Gene Transcript reference Sequencing analysis Deletion/Duplication analysis
APC* NM_000038.5
BLM NM_000057.3
CDKN1C NM_000076.2
CDKN2A* NM_000077.4; NM_058195.3
DICER1 NM_177438.2
EPCAM* NM_002354.2
EXT1 NM_000127.2
EXT2 NM_207122.1
FH NM_000143.3
GATA1 NM_002049.3
HRAS NM_005343.2
KIT NM_000222.2
MLH1* NM_000249.3
MSH2* NM_000251.2
MSH6 NM_000179.2
NBN NM_002485.4
NF1 NM_000267.3
PDGFRA NM_006206.4
PMS2 NM_000535.5
POT1 NM_015450.2
PRKAR1A NM_002734.4
PTCH1 NM_000264.3
PTCH2 NM_003738.4
RB1 NM_000321.2
RECQL4 NM_004260.3
RPL11 NM_000975.3
RPL15 NM_002948.3
RPL19 NM_000981.3
RPL26 NM_000987.3
RPL35A NM_000996.2
RPL5 NM_000969.3
RPS10 NM_001014.4
RPS19 NM_001022.3
RPS24 NM_033022.3
RPS26 NM_001029.3
RPS29 NM_001032.4
RPS7 NM_001011.3
SDHA* NM_004168.3
SDHB NM_003000.2
SDHC NM_003001.3
SDHD NM_003002.3
SUFU NM_016169.3
TP53* NM_000546.5
TSC1 NM_000368.4
TSC2 NM_000548.3
WRN* NM_000553.4

APC: The 1B promoter region is covered by both sequencing and deletion/duplication analysis.
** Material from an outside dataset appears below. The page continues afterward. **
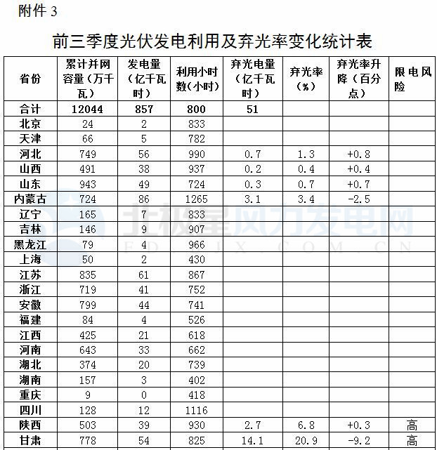 3.前三季度光伏發(fā)電利用及棄光率統(tǒng)計表

The 1A promoter region is covered by deletion/duplication analysis.
CDKN2A: Analysis supports interpretation of the p14 and p16 proteins.
EPCAM: Analysis is limited to deletion/duplication analysis.
MLH1: Deletion/duplication analysis covers the promoter region.
MSH2: Analysis includes the exon 1-7 inversion (Boland mutation).
SDHA: Analysis is limited to sequencing analysis. No clinically-relevant del/dups have been reported.
TP53: Deletion/duplication analysis covers the promoter region.
WRN: Deletion/duplication analysis is not offered for exons 10 or 11.